Bebió otro poco de infusión.

– Las primeras veces son las peores. Te dan temblores y no puedes dormir. Pero ese es el precio que hay que pagar por hacer lo que es debido.

– También había mujeres -dije, y las palabras se atascaron en mi garganta.

Los ojos de Nana destellaron.

– Ellas se lo merecían el doble -dijo, y la súbita e intensa ira reflejada en su dulce rostro me pilló tan desprevenido que noté un cosquilleo de miedo por todo el cuerpo-. Un hombre que le hace eso a una chica es como un perro rabioso. No merece ser considerado una persona, sino solo un animal que hay que sacrificar. Pero una mujer que le ayuda a hacerlo… Eso es mucho peor. Ella sabe lo que está haciendo. Sabe qué significa.

Nana dejó la taza en la mesa con suavidad, y volvió a adoptar una expresión serena.

– Si una pierna se gangrena, la cortas. -Hizo un firme ademán con la palma de la mano; entonces cogió su trozo de pudin y empezó a comérselo con los dedos-. Y hay personas a las que hay que matar. No hay vuelta de hoja.

Para cuando me recompuse y salí afuera, la multitud que había en la calle había aumentado. El dueño de la taberna había puesto un barril delante de la puerta, y el olor a cerveza impregnaba la atmósfera.

Los padres de Krin habían llegado al pueblo a lomos del ruano. Pete también había vuelto, corriendo. Me enseñó la cabeza para que comprobara que no se la había abierto y exigió sus dos peniques por los servicios prestados.

Los padres de Krin me dieron las gracias afectuosamente. Parecían buena gente. La mayoría de la gente lo es, si se le da la oportunidad. Agarré las riendas del ruano y, utilizando al animal como escudo, conseguí hablar un momento a solas con Krin.

Tenía los ojos oscuros un poco enrojecidos, pero estaba radiante y feliz.

– Quédate con Quimera -le dije apuntando con la cabeza a una de las yeguas-. Es para ti. -La hija del alcalde tendría una buena dote de todas formas, así que había cargado en la yegua de Krin los objetos más valiosos, así como la mayor parte del dinero de la falsa troupe.

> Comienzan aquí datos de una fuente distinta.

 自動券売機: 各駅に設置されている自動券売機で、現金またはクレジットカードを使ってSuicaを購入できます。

La muchacha me miró a los ojos y se puso seria, y otra vez me recordó a una Denna más joven.

– Te marchas -dijo.

Sí, supongo que me marchaba. Krin no intentó convencerme de que me quedara, y en lugar de eso me sorprendió con un repentino abrazo. Tras besarme en la mejilla, me susurró al oído:

– Gracias.

Nos separamos, pues no queríamos parecer indecorosos.

– No te vendas a cualquier precio y te cases con un idiota -dije sintiendo que debía decir algo.

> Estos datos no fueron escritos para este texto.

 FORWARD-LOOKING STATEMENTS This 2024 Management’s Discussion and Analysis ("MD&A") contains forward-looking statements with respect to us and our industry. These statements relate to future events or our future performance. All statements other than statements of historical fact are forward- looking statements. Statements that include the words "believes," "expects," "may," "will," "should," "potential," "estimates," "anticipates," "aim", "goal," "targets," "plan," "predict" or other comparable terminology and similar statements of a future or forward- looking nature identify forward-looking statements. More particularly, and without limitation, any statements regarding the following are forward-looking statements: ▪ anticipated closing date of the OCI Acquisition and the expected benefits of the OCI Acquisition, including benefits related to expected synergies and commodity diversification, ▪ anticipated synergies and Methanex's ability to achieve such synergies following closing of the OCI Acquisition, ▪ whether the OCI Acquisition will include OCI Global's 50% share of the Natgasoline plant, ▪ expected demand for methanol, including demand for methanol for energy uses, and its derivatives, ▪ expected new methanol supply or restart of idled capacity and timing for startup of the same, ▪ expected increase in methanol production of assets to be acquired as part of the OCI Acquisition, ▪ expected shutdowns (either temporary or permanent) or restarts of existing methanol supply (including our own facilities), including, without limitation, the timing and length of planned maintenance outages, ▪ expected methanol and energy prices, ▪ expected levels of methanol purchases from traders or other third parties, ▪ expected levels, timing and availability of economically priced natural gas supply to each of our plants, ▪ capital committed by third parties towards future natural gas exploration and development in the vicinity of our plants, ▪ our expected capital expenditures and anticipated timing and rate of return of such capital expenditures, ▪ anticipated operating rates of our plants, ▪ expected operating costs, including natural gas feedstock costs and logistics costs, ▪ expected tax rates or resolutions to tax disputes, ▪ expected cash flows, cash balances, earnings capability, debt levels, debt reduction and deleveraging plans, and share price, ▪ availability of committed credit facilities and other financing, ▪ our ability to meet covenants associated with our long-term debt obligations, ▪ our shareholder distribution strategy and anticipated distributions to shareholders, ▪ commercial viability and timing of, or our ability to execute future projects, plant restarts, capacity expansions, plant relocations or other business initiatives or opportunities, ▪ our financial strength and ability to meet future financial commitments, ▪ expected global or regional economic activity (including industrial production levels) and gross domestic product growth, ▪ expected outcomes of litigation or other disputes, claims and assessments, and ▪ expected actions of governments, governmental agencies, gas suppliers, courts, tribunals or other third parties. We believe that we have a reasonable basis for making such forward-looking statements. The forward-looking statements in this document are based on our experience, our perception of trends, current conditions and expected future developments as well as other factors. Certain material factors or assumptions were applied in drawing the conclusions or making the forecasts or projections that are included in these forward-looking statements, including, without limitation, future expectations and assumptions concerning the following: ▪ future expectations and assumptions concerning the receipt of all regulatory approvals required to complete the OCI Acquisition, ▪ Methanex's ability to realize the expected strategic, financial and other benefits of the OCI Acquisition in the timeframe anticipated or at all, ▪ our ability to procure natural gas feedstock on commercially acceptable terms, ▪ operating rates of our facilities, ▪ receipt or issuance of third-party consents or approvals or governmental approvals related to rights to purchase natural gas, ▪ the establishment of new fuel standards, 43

– Y tú tampoco -repuso ella, con una expresión burlona en sus ojos oscuros.

Cogí las riendas de Cola Gris y fui con ella hasta donde estaba el alcalde, que contemplaba a la muchedumbre con aire de amo y señor. Al ver que me acercaba, me saludó con la cabeza.

Inspiré hondo y dije:

– ¿Está por aquí el alguacil?

El alcalde arqueó una ceja; luego encogió los hombros y señaló hacia el gentío.

– Es ese de ahí. Pero antes de que llegaras con las chicas ya estaba medio borracho. A estas alturas, no sé si te servirá de mucho.

– Bueno -dije, vacilante-, supongo que alguien tendrá que encerrarme hasta que avisen al azzie de Temsford. -Apunté con la cabeza el pequeño edificio de piedra que se alzaba en el centro del pueblo.